Implementation of AlexNet
4.1.
Code
4.2.
Summary of the model
5.
Frequently Asked Questions
6.
Key Takeaways
Last Updated: Mar 27, 2024

AlexNet

Author soham Medewar
0 upvote
Career growth poll
Do you think IIT Guwahati certified course can help you in your career?

Introduction

First, let us get to know the history of the AlexNet. The AlexNet CNN architecture11 won the 2012 ImageNet ILSVRC challenge by a large margin: it achieved a 17% top-5 error rate while the second-best achieved only 26%! It was developed by Alex Krizhevsky, Ilya Sutskever, and Geoffrey Hinton. ImageNet is the dataset of 1281167 images for training and 50000 images for training. All the images are classified into 1000 classes, and the size of the data set is around 150GB.
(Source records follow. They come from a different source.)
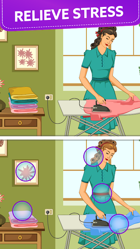 Guess the difference now! Find items in pictures and decide where the two pictures differ as quickly as you can! If you like playing mystery games, puzzle games, and other educational games, this memory booster will bring you numerous benefits! “Spot the differences” is a free brain teaser that will help you enhance your observation skills in a second. We designed our game with the aim to help you develop your cognitive skills, practice fast fingers, and have a lot of fun! both genders will love it. This game offers you exquisite graphics and intuitive gameplay!
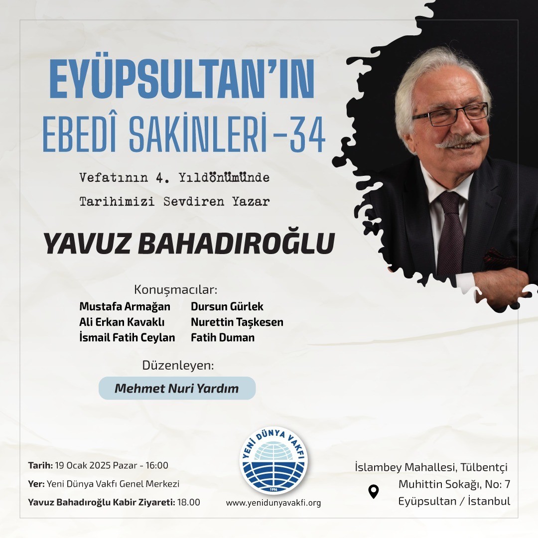 Osmanlı tarihine dair eserleriyle tanınan aynı zamanda Yeniakit Gazetesi'nde köşe yazıları da kaleme alan Yavuz Bahadıroğlu, vefatının 4. yılında anılıyor. "Eyüpsultan’ın Ebedî Sakinleri" programının 34. etkinliği kapsamında düzenlenen anma programı, 19 Ocak 2025 Pazar günü Yeni Dünya Vakfı Genel Merkezi'nde gerçekleştirilecek.
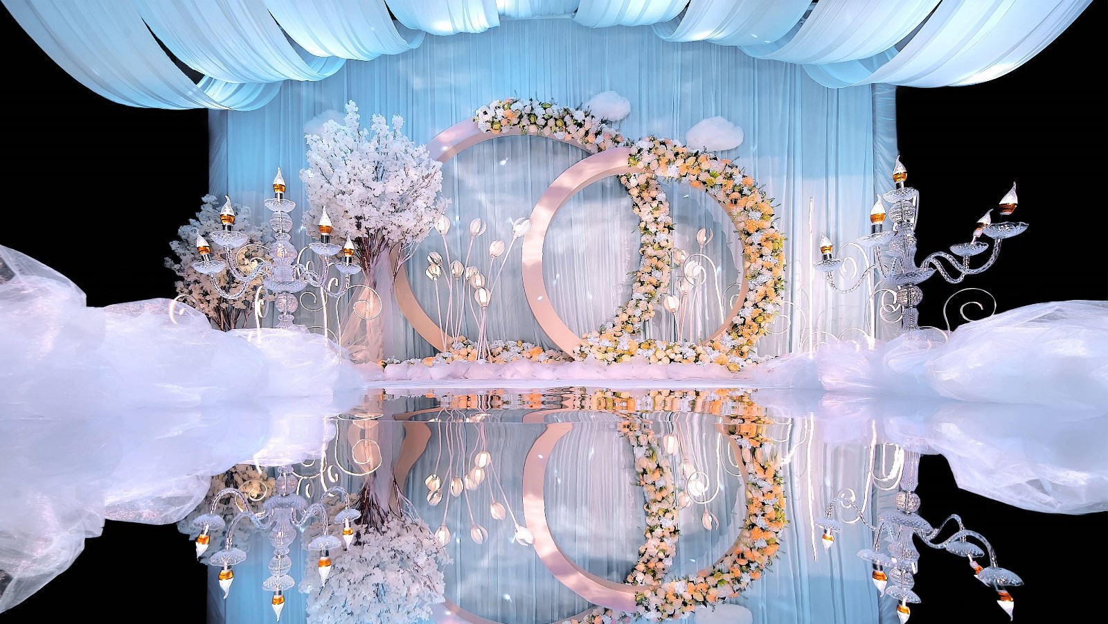 婚礼现场的布置是根据整场婚礼主题进行婚礼整体的预算,通过计算可以推算出布置一场婚礼所需要的费用金额。婚礼根据实际策划效果提供、特色装饰及设计,由婚庆公司根据实际策划效果提供。
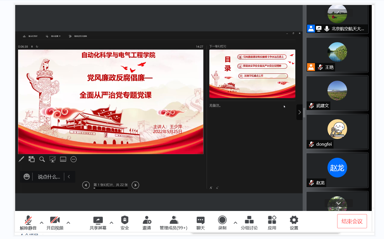 2022年5月25日自動(dòng)化科學(xué)與電氣工程學(xué)院黨委書記王少萍做了“從嚴(yán)治黨暨黨風(fēng)廉政建設(shè)”專題黨課。會(huì)議以線上騰訊視頻會(huì)議方式進(jìn)行,學(xué)院全體教職工參加了本次集體學(xué)習(xí)活動(dòng)。
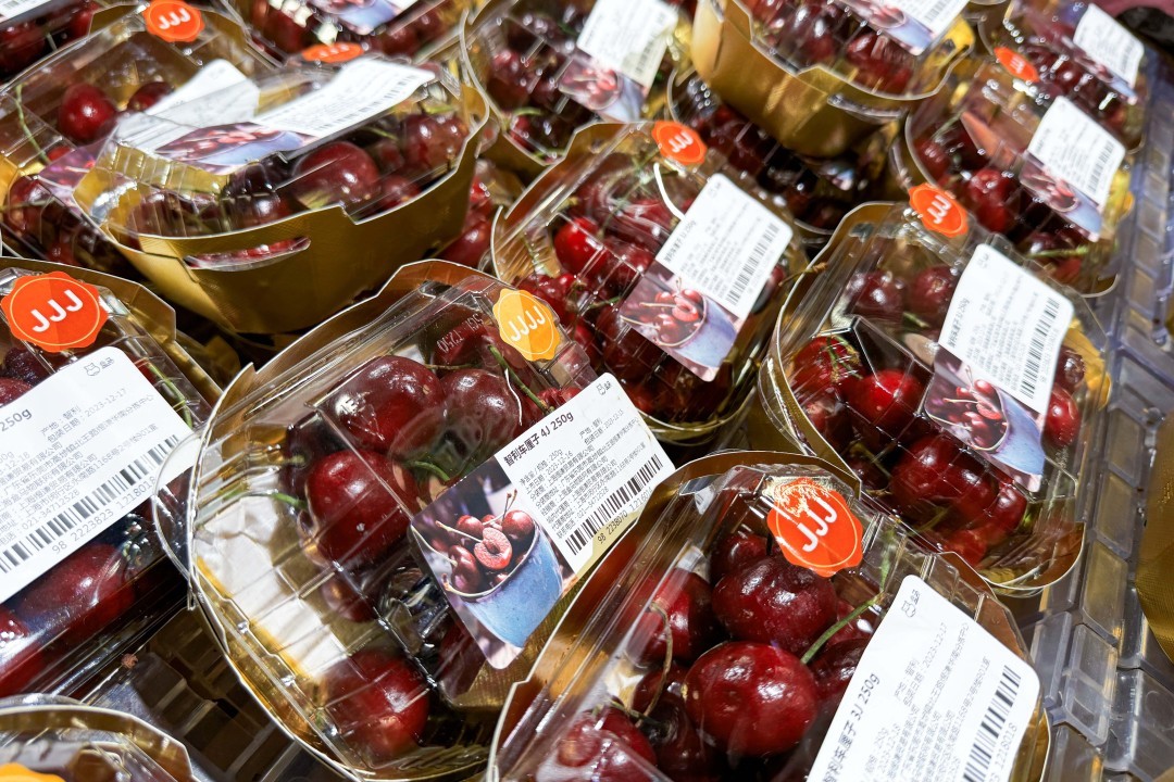 在车厘子区域,记者了解到目前销售的智利车厘子只有250克一盒的小包装,价格约为40元一盒。“如果购买量大,需要在线上提前订购。”丁正雄说。

The structure of AlexNet is similar to LeNet-5, but the main difference is it is much larger and deeper. It was the first convolution neural network that stacked convolutional layers on top of each other rather than stacking a pooling layer on top of each convolutional layer. 

Before going on to the architecture of the AlexNet, we will get to know some terms that will be useful in understanding the structure of AlexNet.

Some important terms

Stride

Stride basically denotes how far the filter will move over a convolution layer in each step along one direction. In other words, if the value of stride is 1, then we move the filter 1 pixel each time.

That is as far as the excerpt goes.